Frontenac Secondary School is a high school in the west-end of Kingston, Ontario, Canada, operated by the Limestone District School Board. Its sports teams play under the nickname "Frontenac Falcons".

History
Frontenac Secondary School was founded in 1957 as Collins Bay High School and adopted its current name in 1964. Frontenac's enrollment is around 1,200 students. In 2006, construction began on a major extension which includes a new library, a media room, an elevator, and several additional computer labs and classrooms.

Varsity Athletics
Frontenac is known nationally for its athletics program.  Its mascot is the Falcon. From the 1970s and to the present day, the school has had one of the most dominant high school American football programs in Ontario and one of the most accomplished athletic programs in Canada, achieving a national high school ranking in football in the 2000s. The senior Falcons have been coached by Pat McMenamin, Jack Aldridge and Berk Brean. The Falcon football program has produced numerous Canadian Interuniversity Sport players, All Canadians and Vanier Cup participants and champions including the quarterback Warren Goldie who led the University of Western Ontario mustangs to the Vanier Cup in 1994.

The Falcon women's basketball program was most dominant in the 1980 and 1990s under coach Tim McCue, winning numerous city and regional championships and also provincial medals. During the 1990s and 2000s, the men's basketball program enjoyed notable success with city, regional and provincial titles. The men's team enjoyed particular success in 2003 and 2004, winning the 2003 AAA OFSAA gold medal and the 2004 AAAA OFSAA bronze medal. These teams were coached by Suche James and included the future CIS All-Stars Robert Saunders and Stuart Turnbull.

Frontenac also has strong programs in volleyball including ten consecutive city championships for the men's junior program in the late 1980s and early 1990s. Frontenac has also been a force in track and field, producing athletes who have participated in Canada's national team in the Olympic Games.
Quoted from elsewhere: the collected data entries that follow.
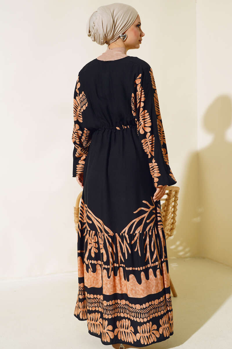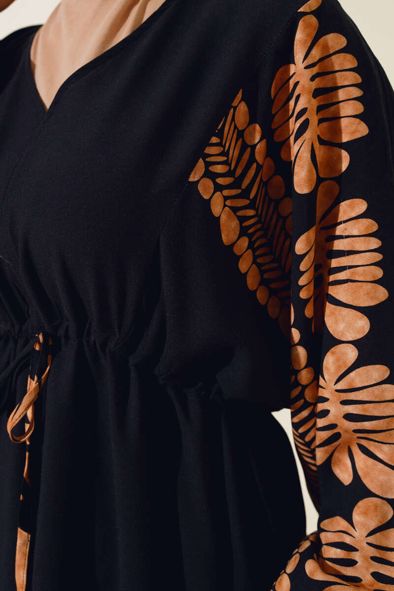 Yarım Gizli Düğmeli İp Bağcıklı Elbise Siyah
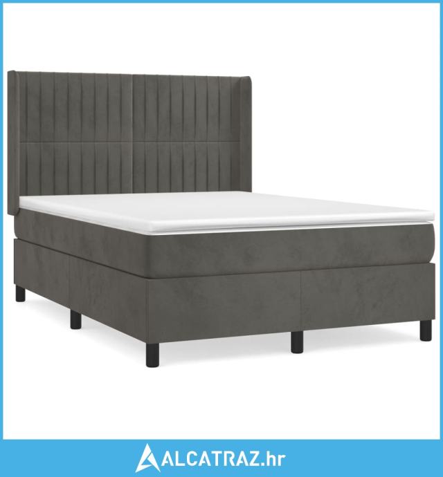Krevet s oprugama i madracem tamnosivi 140x200 cm baršunasti - NOVO
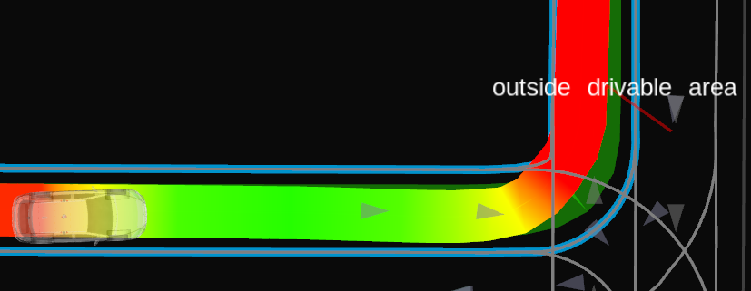 To debug the issue, the maximum drivable area boundary can be visualized.
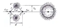 According to his model for a diatomic molecule, the electrons of the atoms of the molecule form a rotating ring whose plane is perpendicular to the axis of the molecule and equidistant from the atomic nuclei. The dynamic equilibrium of the molecular system is achieved through the balance of forces between the forces of attraction of nuclei to the plane of the ring of electrons and the forces of mutual repulsion of the nuclei. The Bohr model of the chemical bond took into account the Coulomb repulsion - the electrons in the ring are at the maximum distance from each other.[2]
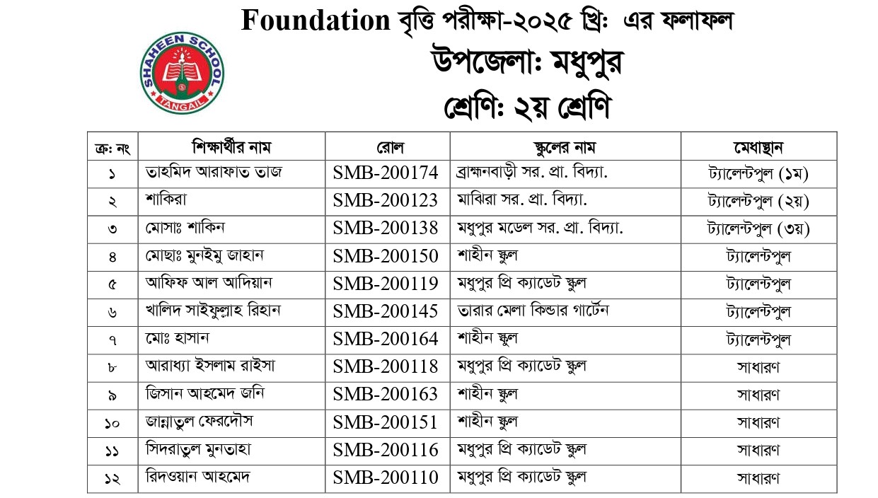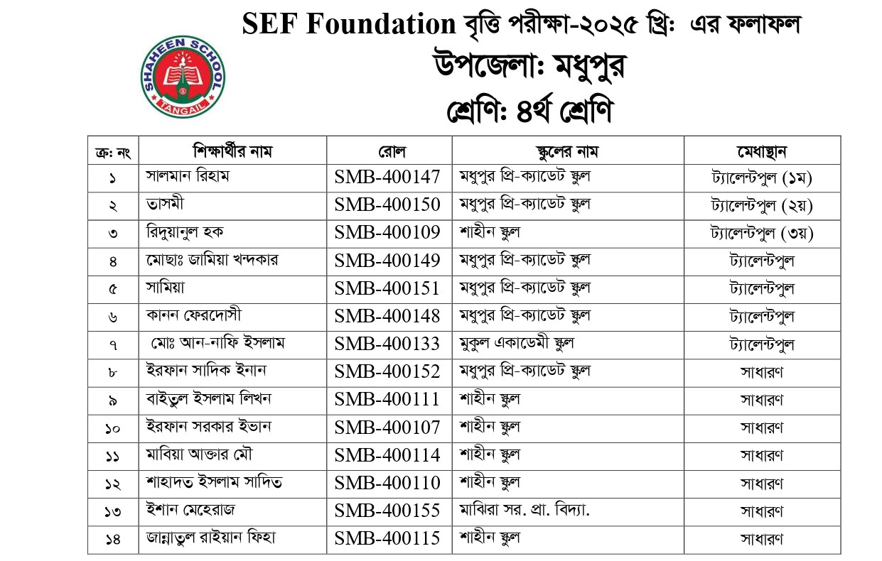 SEF ফাউন্ডেশন বৃত্তি পরীক্ষার ফলাফল, মধুপুর শাখা - ২০২৫

Both the Junior and Senior Facons were the dominant football teams in the late 1970s and early 1980s by winning 4 consecutive Kingston City championships. In 2001, the Falcons championship team completely swept the Kingston area during regular-season play. No school scored against the Falcons until their first National Capital Bowl win against St. Mark Catholic School in the Skydome in Toronto. The team won the National Capital Bowl that season, winning a perfect defensive record during the regular season, city play-offs, and the Eastern Ontario final, and culminating with a 29–20 win during the National Capital Bowl played the Rogers Centre (then Skydome). The following year, with a squad full of returning OFSAA championship players, the school won another OFSAA Title at the National Capital Bowl with a convincing 56–6 over favourite Ashbury College. In 2006, Frontenac's football team again produced dominance in the Kingston area and reached the National Capital Bowl only to lose in a 10-8 match against the St. Mark Catholic School Lions. On 4 December 2007, the Frontenac senior football  returned to the National Capital Bowl Championship and won at Varsity Stadium in Toronto, defeating Crestwood Secondary School of Peterborough by a score of 15–10, the third National Capital Bowl victory for Frontenac in the seven years. The Frontenac Falcons defended the National Capital Bowl title on 3 December 2008 by defeating Crestwood again with a score of 36–1 at the Rogers Centre in Toronto, making it Frontenacs second back-to-back National Capital Bowl. On 27 November 2011, the Falcons returned to the Rogers Centre and defeated the Crestwood Mustangs again, 49–11, Frontenac's fifth National Capital Bowl title since the bowl series' inception in 2000. For their accomplishments, head coaches Mike Doyle and Doug Johnston received the Berk Brean Trophy for High School Coach of The Year from Queen's University. Berk Brean was one of the original senior football coaches at Frontenac Secondary. In terms of Kingston Area Football programs and quality, Frontenac's senior football team has won seven of the last twelve Kingston Area Senior Football Championships (2001–2012) and of those seven championships won six National Capital Bowls after winning Easter Ontario Finals.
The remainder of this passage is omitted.